There’s a simple answer here. Waive the ludicrous rules on tendering, and allow groups to apply for funds up to £50,000 as a grant. It’ll be cheap and effective and will result in vital funds being used to meet need, not line a Council bank account.
“The Procurement Reform Bill has the potential to make a difference to many lives,” Salmond said. “It will provide new powers to tackle companies that do not comply with their legal obligations, including blacklisting and employment law. Our Bill here in Scotland will give Parliament the opportunity to go further than Wales, by taking the power to regulate how companies are selected to bid and how their suitability should be assessed,” he said. “These regulations will address blacklisting, working within the framework of EU law.”
Lets wait and see, i have tendered for many contract only to see it time and time again awarded to bigger companies even though we know our bid for the work was cheaper…
hi came across your site and just wanted to say hello.
It’s true that even the most thorough tender process can still be gamed sometimes – but if somone is really determined to cheat the system, at the very least they should be forced to rigourously document their fraud, so that it can be examined in the future. Not all paperwork is useless….
Anyway, I’m not an expert in this area but from the sound of it the funds (going forward) will be in the gift of transparent institutions like the Neighbourhood Partnerships, so rather than tendering for a grant it will be more a case of political lobbying for a project to be funded. Not necessarily any easier these days!
Hi,
Thanks for your comments. I think the problem with tendering for amounts this small is that £5-10k will be the cost of the tendering process.
While corruption is not unknown, the Neighbourhood Partnership meetings are all in public, and the funding is all publicised, so any incongruities would pretty quickly come to the fore.
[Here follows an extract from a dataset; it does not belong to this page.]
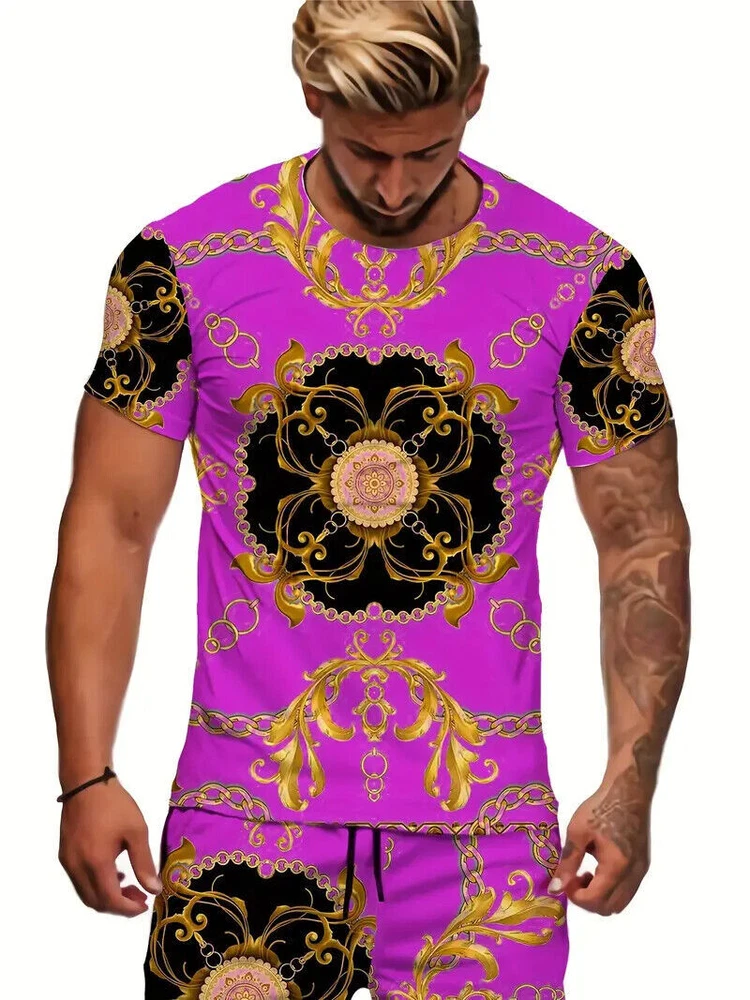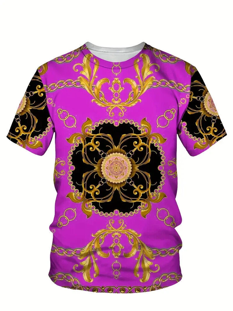 T-Shirt Novelty Fashion Golden Chain Casual Short Sleeve Vintage Round Neck M, L, XL, 2XL - Ultra Soft & High Quality Material for Comfort and Durability - Machine Washable, Easy Care - Smooth & Lightweight Fabric for Sport Performance - Shrink Resistant Material Wicks Sweat & Dries Fast - Super Fast Shipping from USA

And the reality of the tendering processes I’ve seen with FSF is that the specification is so tight that very few providers can tender.
If someone wanted to give their golf partner a contract, they’d just need to specify something that only their partner could provide.
Peter
On your other point, though, I am more in agreement with you: “I assume that the unspent money will go back to Council to cover its incompetence elsewhere”
A minute’s research reveals that the ring-fence on this funding was removed by the Scottish Government in 2008. The idea behind this seems to have been that redevelopment and fairness were not something to be tacked on to the other duties performed by the council and the neighbourhood partnerships etc, but were a key reason for these bodies’ existence. So it didn’t make sense to separate the ‘fairer scotland fund’ from the general budget.
This is a roundabout way of saying that the FSF per se was being abolished, but that the money would go to councils/NPs who would have responsibility for delivering instead.
Declaration of interest: I work for the city of edinburgh council. Not in anything to do with tendering, craigmillar, the finance department or any other related area though.
“There is an urgent need for all public authorities to review their use of tendering.”
Cases like this can be frustrating, but a thorough and transparent tendering process is necessary. What else is to stop a council manager allocating public money to an over-priced contract with a company run by his golf partner? Or an nhs buyer from not giving a contract to an asian family firm because he is a racist?